Nueva York.- La ONU decidió seguir adelante con la suspensión de las
operaciones de los observadores en Siria ante la continuación de la violencia
en el país árabe, dijo este martes al Consejo de Seguridad el subsecretario
general para Operaciones de Paz de Naciones Unidas, Hervé Ladsous.
El jefe de los “cascos azules” aseguró que las
condiciones sobre el terreno son todavía “demasiado peligrosas” para
los militares desarmados que integran la Misión de Supervisión de Naciones
Unidas en Siria (UNSMIS), indicaron fuentes diplomáticas del Consejo,
reunido a puerta cerrada para analizar la situación en Siria.

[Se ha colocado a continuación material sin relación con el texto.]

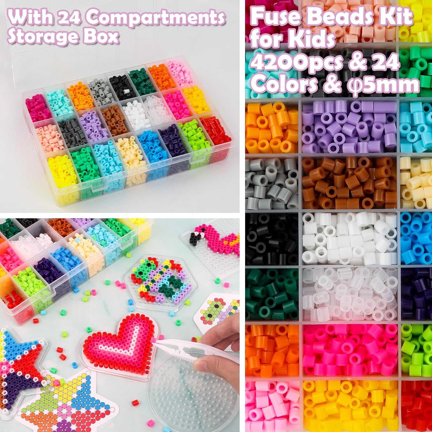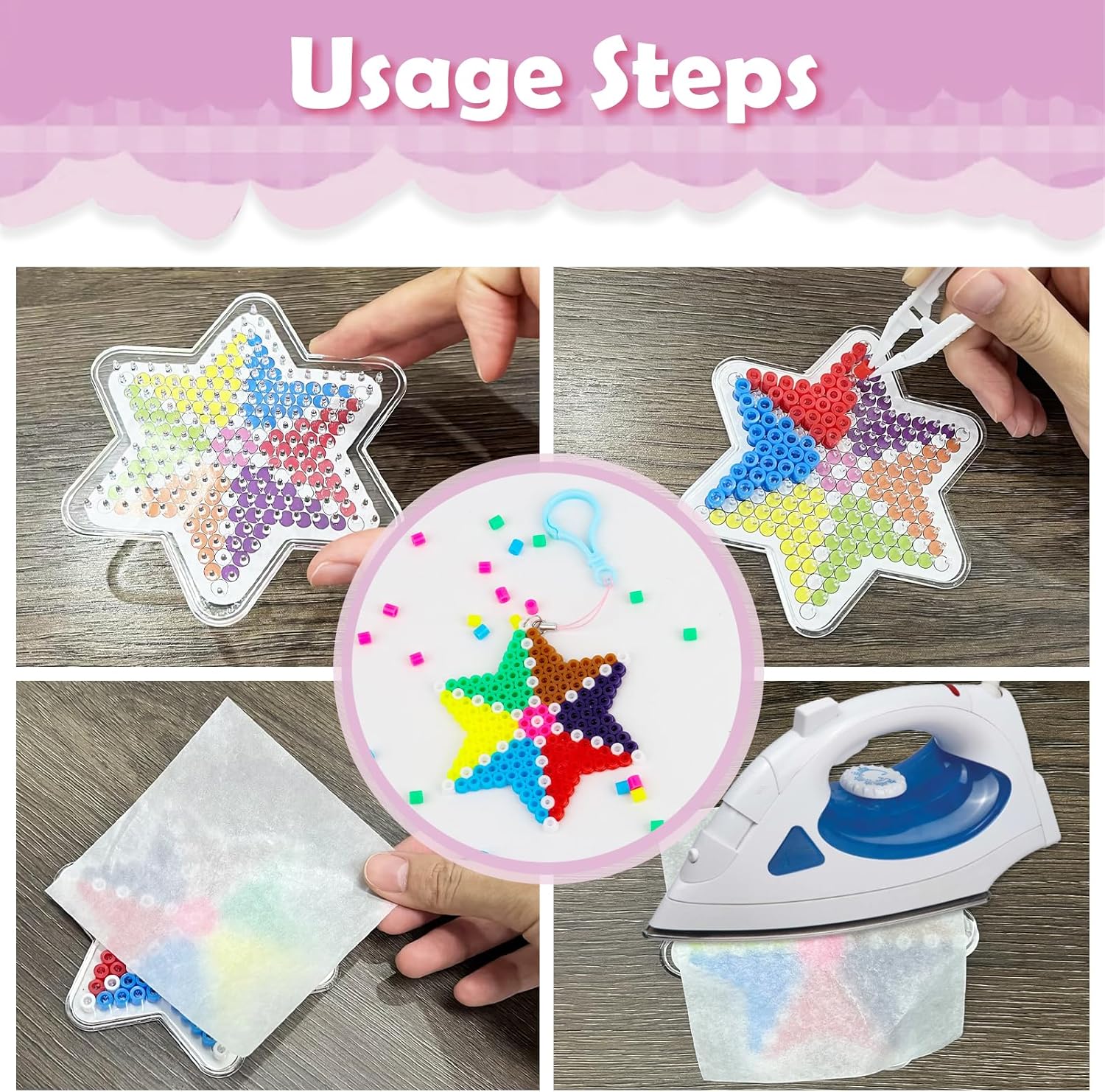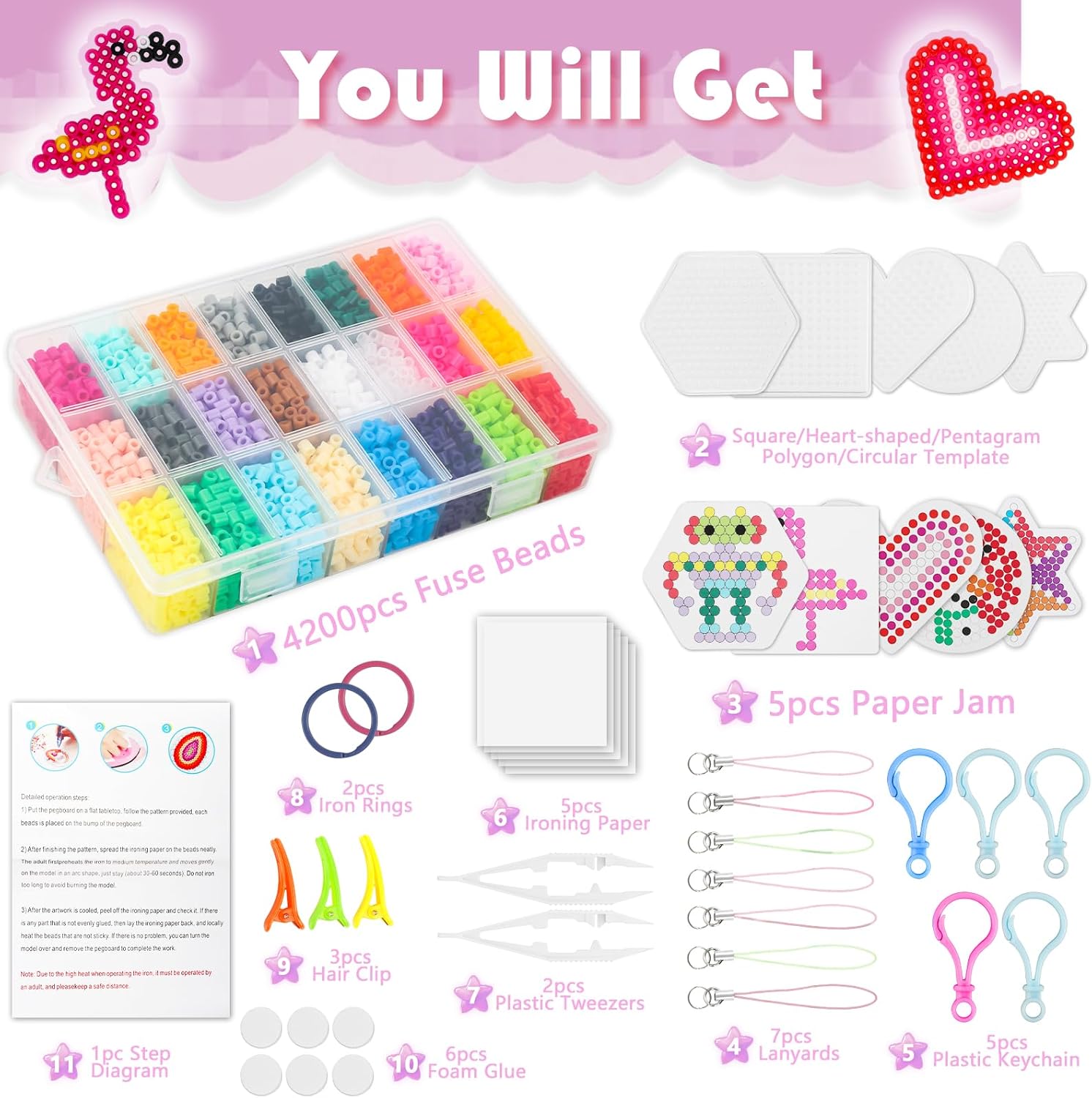 Set di perline da stirare 4200 pezzi: 24 colori, 4200 perline. I colori ricchi offrono una varietà di scelte. Include vari accessori, 5* tavolette per perline da stirare (quadrato, cuore, pentagramma, cerchio, esagono), 5* carta da stiro, 5 piccoli modelli, 5 portachiavi, 7* cordoncini, 3* mollette per capelli, 2* pinzette, 2* portachiavi, 6* schiuma adesiva e 1 manuale di istruzioni Modelli inclusi: Questo perline a fusione kit completo può creare molti motivi, come pupazzo di neve, cuori d'amore, pentagrammi, fenicotteri, robot. Stimola l'immaginazione e la creatività del bambino. Viene fornito con un portachiavi e un cordino, si può facilmente portare il vostro artigianato come un ciondolo con voi Materiale sicuro: Le perline a fusione sono realizzate in plastica/resina ecologica, completamente atossica e inodore. Adatto ai bambini di età superiore ai 3 anni. I bambini possono realizzare i loro lavori preferiti in modo sicuro e protetto Regalo ideale per i bambini: È un regalo ideale per i bambini che amano creare arte. Adatto sia per i ragazzi che per le ragazze, può essere regalato per il compleanno, la Pasqua, il Natale o altre feste. Il set di perline da stiro viene fornito con una scatola di plastica trasparente per ordinare e conservare le perline da stiro, rendendo i giocattoli artigianali molto puliti e ordinati Buon servizio: Se le perline a fusione 24 Colori sono danneggiate durante il trasporto, non esitate a contattarci tramite Amazon.

Ladsous transmitió al Consejo de Seguridad que las
condiciones actuales, en las que impera el aumento de los enfrentamientos entre
la oposición y las fuerzas del Gobierno de Bachar al Assad, no son propicias
para reanudar las operaciones de los observadores, suspendidas el pasado 16 de
junio.
Las mismas fuentes precisaron que el francés aseguró que los
300 observadores que la ONU llevó a Siria acusan además de la violencia la
falta de cooperación de Damasco en asuntos técnicos relacionado con las
telecomunicaciones y ahora centra sus esfuerzos en ayudar a las organizaciones
humanitarias que trabajan en el país.
El jefe de la UNSMIS, el general noruego Robert Mood,
suspendió el 16 de junio las operaciones de los observadores ante el incremento
de la violencia armada en Siria, donde la escalada de la violencia limitaba su
“capacidad para observar, verificar e informar, así como para apoyar el
diálogo local y los proyectos de estabilidad”, según dijo entonces.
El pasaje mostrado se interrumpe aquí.